Jonathan Parkhurst is a recovering alcoholic and former operator of a San Rafael sober living home. “Without funding from the county, [sober living homes] require a large amount of people living in the house,” he said.

The Culloden Park property, operated by Bay Area Sober Living, LLC., charges a monthly $4,000 for shared room and board and could house up to 15 people.  Fire safety and sanitation become difficult with more people and no regulations.

“There are bad sober groups homes and there are good ones,” Parkhurst said. “The moratorium is a short-term Band-Aide to a long-term problem.”

Cities all over the state and country are struggling with how to regulate sober living facilities.  Garner, N.C., Columbus, Ind. and Dalton Township, Mich. have all been sued by the United States Department of Justice for attempts at regulation, according to Epstein.  Los Angeles is currently revising its zoning to address the problem and West Hollywood was recently involved in a lawsuit involving rent control and clean and sober living homes.

"We need to investigate this and we need to understand it," Mayor Albert Boro said. Boro sees the moratorium as a necessary “time out” to study zoning and state law regarding groups more thoroughly. The moratorium does not apply to group homes housing less than six people.

“They should be operating these kinds of facilities in commercial, not residential areas,” San Rafael resident Jennifer Turek said.  Turek is a business owner and recently dealt with financial problems.

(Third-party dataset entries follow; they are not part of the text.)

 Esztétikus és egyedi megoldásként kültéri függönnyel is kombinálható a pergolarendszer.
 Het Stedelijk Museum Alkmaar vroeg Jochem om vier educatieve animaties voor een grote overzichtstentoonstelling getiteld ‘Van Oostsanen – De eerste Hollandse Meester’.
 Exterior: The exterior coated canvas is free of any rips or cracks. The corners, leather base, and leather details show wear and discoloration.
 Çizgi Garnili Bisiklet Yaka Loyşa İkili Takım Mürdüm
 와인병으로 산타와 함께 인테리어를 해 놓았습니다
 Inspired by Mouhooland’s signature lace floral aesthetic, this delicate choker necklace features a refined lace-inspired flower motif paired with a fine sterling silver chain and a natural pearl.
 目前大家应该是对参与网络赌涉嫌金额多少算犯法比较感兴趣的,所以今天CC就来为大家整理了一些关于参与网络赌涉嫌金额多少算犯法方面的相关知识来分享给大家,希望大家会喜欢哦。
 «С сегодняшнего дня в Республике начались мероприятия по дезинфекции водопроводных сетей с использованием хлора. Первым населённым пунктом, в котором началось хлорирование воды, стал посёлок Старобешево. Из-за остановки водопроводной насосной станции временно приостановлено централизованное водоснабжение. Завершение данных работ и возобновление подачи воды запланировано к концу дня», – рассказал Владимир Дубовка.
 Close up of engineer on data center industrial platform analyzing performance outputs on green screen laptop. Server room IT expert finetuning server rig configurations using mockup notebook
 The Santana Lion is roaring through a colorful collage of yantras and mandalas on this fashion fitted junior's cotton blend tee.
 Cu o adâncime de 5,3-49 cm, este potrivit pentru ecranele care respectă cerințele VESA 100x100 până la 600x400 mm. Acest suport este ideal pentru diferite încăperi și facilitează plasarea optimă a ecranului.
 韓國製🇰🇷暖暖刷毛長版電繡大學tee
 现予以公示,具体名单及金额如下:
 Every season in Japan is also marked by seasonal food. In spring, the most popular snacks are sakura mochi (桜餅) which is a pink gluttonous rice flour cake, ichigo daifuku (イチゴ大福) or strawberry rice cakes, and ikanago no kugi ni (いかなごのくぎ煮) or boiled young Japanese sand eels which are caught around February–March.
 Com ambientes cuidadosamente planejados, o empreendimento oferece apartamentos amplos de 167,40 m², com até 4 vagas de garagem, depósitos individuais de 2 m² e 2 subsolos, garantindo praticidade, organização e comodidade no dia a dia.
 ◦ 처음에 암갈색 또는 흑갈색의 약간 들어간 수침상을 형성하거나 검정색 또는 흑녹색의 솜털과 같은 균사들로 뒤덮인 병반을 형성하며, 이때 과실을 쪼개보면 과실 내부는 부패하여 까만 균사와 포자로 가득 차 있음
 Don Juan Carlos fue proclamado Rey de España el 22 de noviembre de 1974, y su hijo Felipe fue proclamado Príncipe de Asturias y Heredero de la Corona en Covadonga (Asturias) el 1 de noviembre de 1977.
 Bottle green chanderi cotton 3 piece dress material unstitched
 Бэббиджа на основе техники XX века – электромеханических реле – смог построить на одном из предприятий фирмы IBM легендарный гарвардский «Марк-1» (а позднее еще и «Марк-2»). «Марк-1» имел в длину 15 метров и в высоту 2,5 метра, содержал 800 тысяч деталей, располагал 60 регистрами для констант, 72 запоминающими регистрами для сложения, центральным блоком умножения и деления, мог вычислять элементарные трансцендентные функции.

Months back, the Culloden Park and Marin Street properties were on the real estate market. After the price dropped and there were still no buyers, the owners leased the houses to Bay Area Sober Living, LLC. and TLC Residential, Inc. The companies then converted them to sober living homes.

Turek sees this as an attractive possibility for people fighting foreclosure, like herself. “If everyone can (rent out their homes to businesses like Bay Sober Living). Everyone will,” she said.